Visions of Paradise

Tuesday, November 09, 2004

American Gods

The first thing you must understand about Neil Gaiman’s American Gods before reading it is that it was a bestseller for a definite reason: it was written in bestseller-style, having all the rock n’ roll moves of a bestseller. Shadow is an ex-con with a heart of gold who made a mistake which was a combination of bad judgment and bad temper but which cost him both three years in jail as well as his marriage. The day he was released from prison he learned of the death of two people: the owner of the health club where he had worked previously and where he was slated to work again, and his wife. Oh, yeah, it seems they died together in a car crash while she was giving the driver a blowjob which caused him to lose control of the car and crash it.

Shadow is flying home from prison when he encounters a strange old man named Wednesday who offers him a job as a glorified errand boy. Turns out Wednesday is the modern incarnation of Odin, chief Norse god, who is trapped in America because he was brought there in the minds of emigrés over the centuries. But as less and less people believe in him–along with all the other ancient gods from Greek to Roman to Hindu to Chinese–they are slowly dying, being replaced by modern gods such as Media and some nerdish computer kid.

Immediately I was reminded of two things I’d read years ago. A myth entitled “Great Pan is Dead” bemoaning his death, and that of all his Olympian cohorts, at the hands of Christianity which had replaced them with a newer God. And an article by Poul Anderson in Galaxy in the 1960s called “Poulfinch’s Mythology” in which he created a modern pantheon to replace the former gods who no longer existed through disbelief.

Wednesday and his fellow gods face another threat as well. It seems the modern gods are not content to replace the olden gods gradually but, as typical of modern life, they are impatient to replace them immediately. So Wednesday was gathering his forces for a showdown between old and new gods.

American Gods was interesting reading, as Shadow accompanied Wednesday on his travels trying to gather all the former gods together for a final cataclysmic battle for survival against the new gods. Somehow Shadow becomes a target of the new gods as they try desperately to eliminate him for reasons not clear in the first half of the book.

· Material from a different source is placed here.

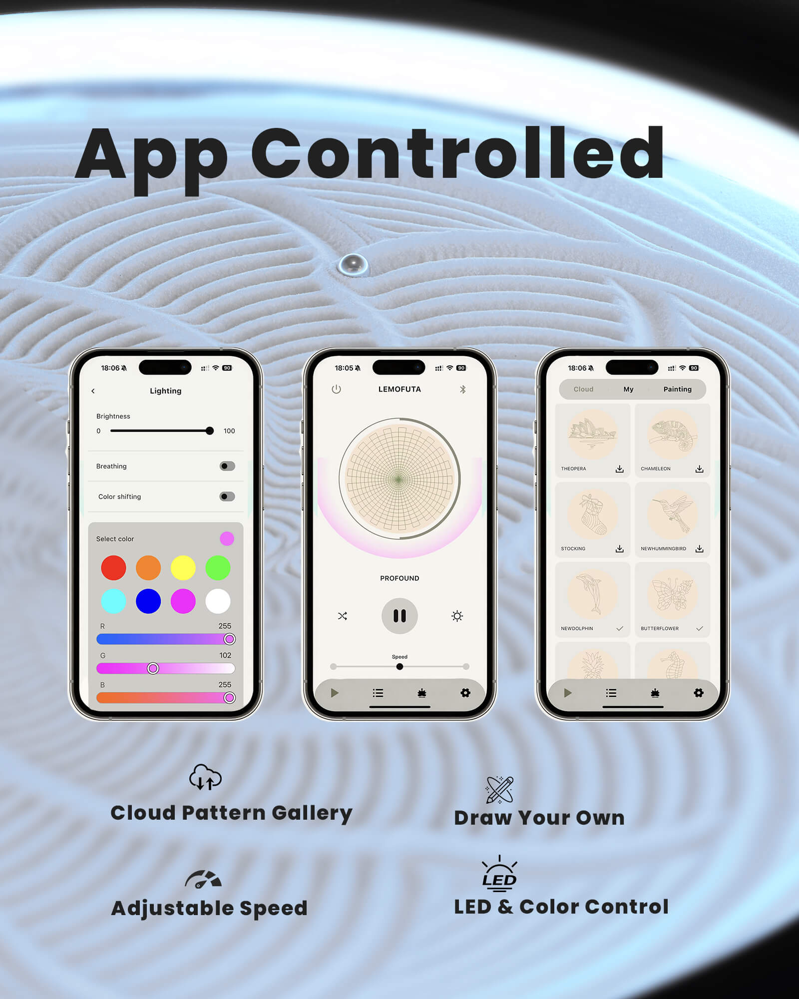 Lemofuta Smart Zen Garden is a kinetic sand art canvas crafted to bring calm, continuous motion into modern living spaces.

There are lots of things to like about American Gods. Shadow’s character is well-developed, both emotionally and with the type of quirks indicative of fully-developed people. And the book exudes mystery, many unanswered questions that the reader mulls as Shadow himself does. As the book reaches its climax, all the mysteries are eventually answered, as well as a few which were not even apparent earlier. Items which had seemed like fascinating red herrings early in the book come to be important clues to the overriding mystery at the end. It makes for a more satisfying denouement than I expected, one which had me chuckling and appreciating Gaiman’s cleverness in putting it all together.

It’s not a perfect novel. Some of the scenes during Wednesday and Shadow’s travels are clever but unessential. I never did totally understand Shadow’s dead wife Laura, how she came to be such an important factor in the novel’s climax while dead. But when you’re dealing intricately with gods and beliefs, it is easy to accept some not-quite-logic so long as it is not too frequent (which it is not) nor too overwhelming to the novel itself (also not).

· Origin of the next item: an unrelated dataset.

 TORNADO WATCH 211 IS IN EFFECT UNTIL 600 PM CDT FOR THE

American Gods is enjoyable reading, with enough cleverness at the end to raise it slightly above the level of a typical bestseller, and with enough good qualities for me to seek out Gaiman’s next book, or perhaps one of his previous books which I have not read yet.


  • I think American Gods is first-rate work, and if as you seem to be implying Gaiman set out to write a best-seller, then 1) he didn't do it by following anyone else's formula slavishly but by writing a Neil Gaiman best-seller, and 2) he fully deserved to have one.